Le portrait du marché du travail de Statistique Canada pour le mois de mars qui sera rendu public jeudi a beau être très attendu, il ne donnera pas la mesure exacte du nombre de travailleurs sans emploi.

L’enquête mensuelle sur la population active a été réalisée entre le 22 et le 31 mars et portait la situation observée la semaine précédente. « C’est certain que l’enquête du mois de mars ne permettra pas de capter en totalité l’impact de la crise et qu’il faudra attendra en avril avant d’avoir un portrait plus complet », indique l’économiste principale de Desjardins, Hélène Bégin.

Selon Desjardins, le taux de chômage au Québec pourrait plus que doubler et atteindre 10 %. « Ça peut paraître élevé, mais il n’y a pas si longtemps, des taux semblables étaient la norme », dit-elle.

Au début des années 90, le taux de chômage avait atteint un sommet de 9,5 % au Québec. Plus récemment, la crise financière de 2008-2009 a fait grimper le taux de chômage à 8,9 %.

Le portrait du chômage dépendra en grande partie du nombre d’employeurs qui se prévaudront de la subvention salariale de 75 % offerte par Ottawa à celles qui maintiendront un lien d’emploi avec leurs employés.

Beaucoup de monde au travail

Même s’il y a beaucoup de travailleurs qui se retrouvent sans emploi, il y a encore beaucoup de personnes sur le marché du travail, soit en télétravail, soit dans des secteurs jugés essentiels.

Par exemple, constate l’économiste de Desjardins, entre 35 et 40 % des emplois du secteur du commerce de gros et de détail sont dans l’alimentation et dans les magasins qui sont considérés comme des services essentiels, dont les pharmacies. Ces emplois n’ont pas disparu avec la crise, au contraire.
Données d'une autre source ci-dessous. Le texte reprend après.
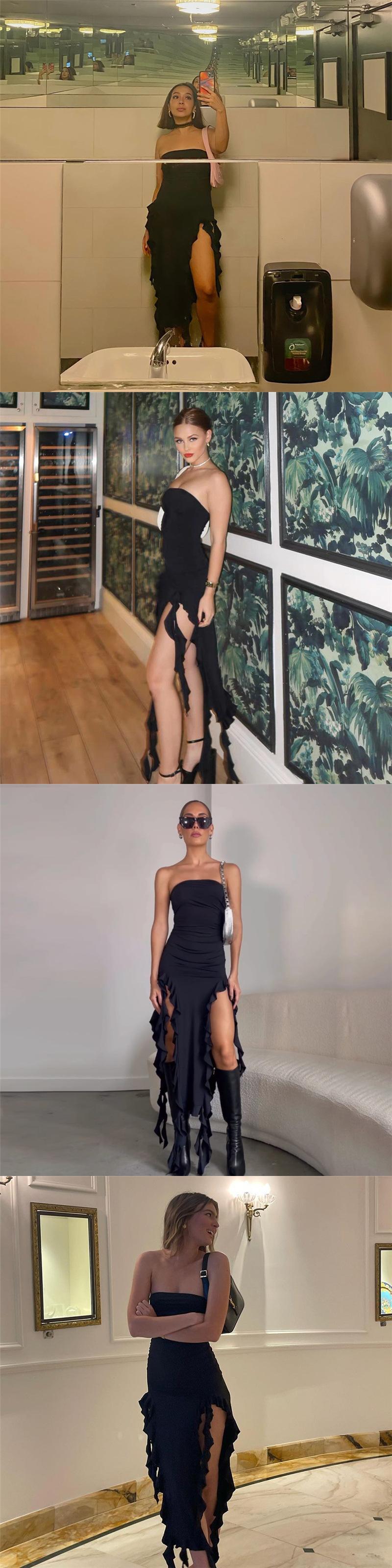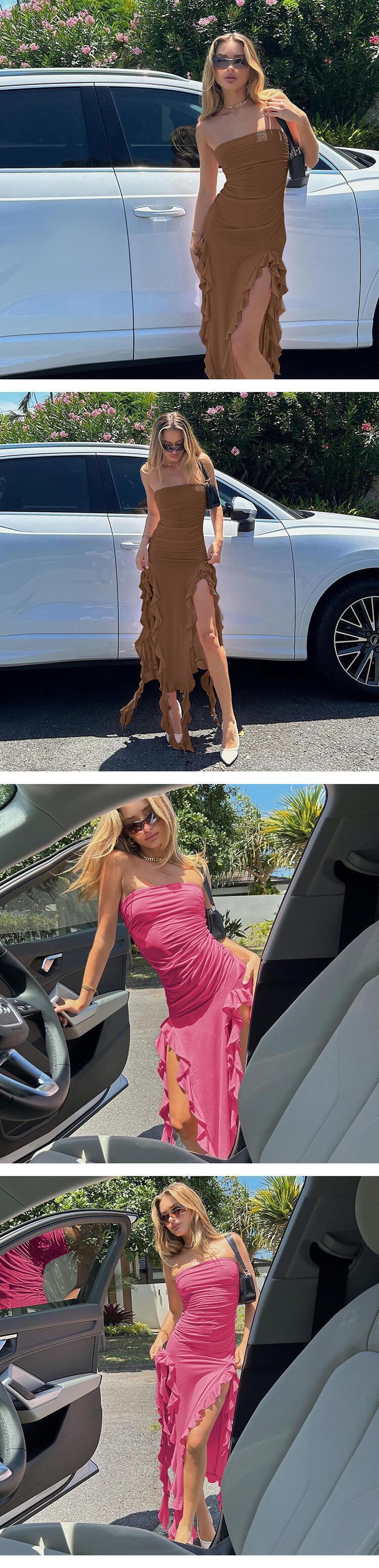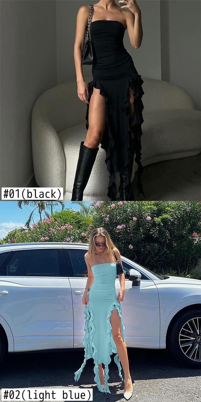 送料無料 暗号不規則なフリルオフショルダーセクシーな背中の開いたミディドレス女性の誕生日 Vestido 夏サンドレスシャーリング サマー 夏物 AE123565588789857573293

Plusieurs des employeurs de ce secteur ont embauché des employés supplémentaires.

De même, la production d’aliments, qui est le plus gros employeur du secteur de la fabrication au Québec, n’a pas ralenti depuis le début de la crise.

La grande majorité des travailleurs du secteur de la santé et des services sociaux sont à leur poste, de même que les enseignants et les travailleurs du secteur public. « Les professionnels, soit les avocats, ingénieurs et autres, sont un autre groupe important toujours au travail, parce qu’ils sont en télétravail », souligne Hélène Bégin.
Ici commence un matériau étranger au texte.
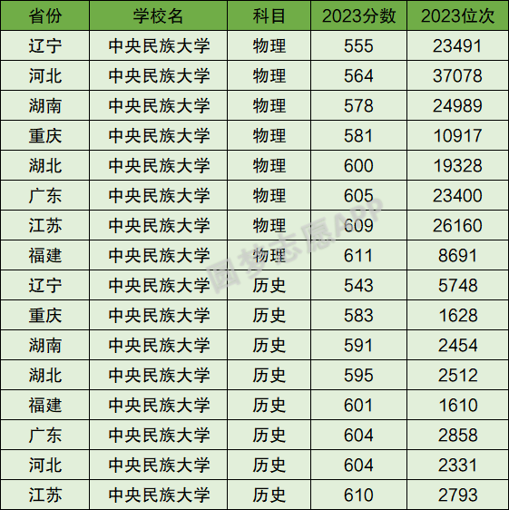 中央民族大学在3+1+2新高考地区物理科目分数最低为辽宁的555分,历史科目分数最低为辽宁的543分。

En règle générale, les travailleurs qui peuvent faire du télétravail sont aussi ceux dont la rémunération est supérieure à la moyenne, précise-t-elle.

Les secteurs le plus touchés par les mesures de confinement restent ceux de la construction et du transport aérien, où les mises à pied se comptent par dizaines de milliers.

300 000 emplois de moins

Même si les statistiques mensuelles du marché de l’emploi de jeudi seront incomplètes, elles devraient faire état d’une perte de 300 000 emplois à travers le Canada, estime Sébastien Lavoie, économiste en chef de Valeurs mobilières Banque Laurentienne.

Le taux de chômage devrait faire un bond de 5,6 % à 6,6 % pour le mois de mars et dépassera la barre des 10 % pour en avril, mai et juin, selon lui.

Sébastien Lavoie est d’avis que les mesures d’aide gouvernementale atténueront les pertes d’emplois et favoriseront une baisse rapide du chômage.

Ni lui ni l’économiste de Desjardins ne prévoient que le taux de chômage revienne à son bas niveau d’avant la crise.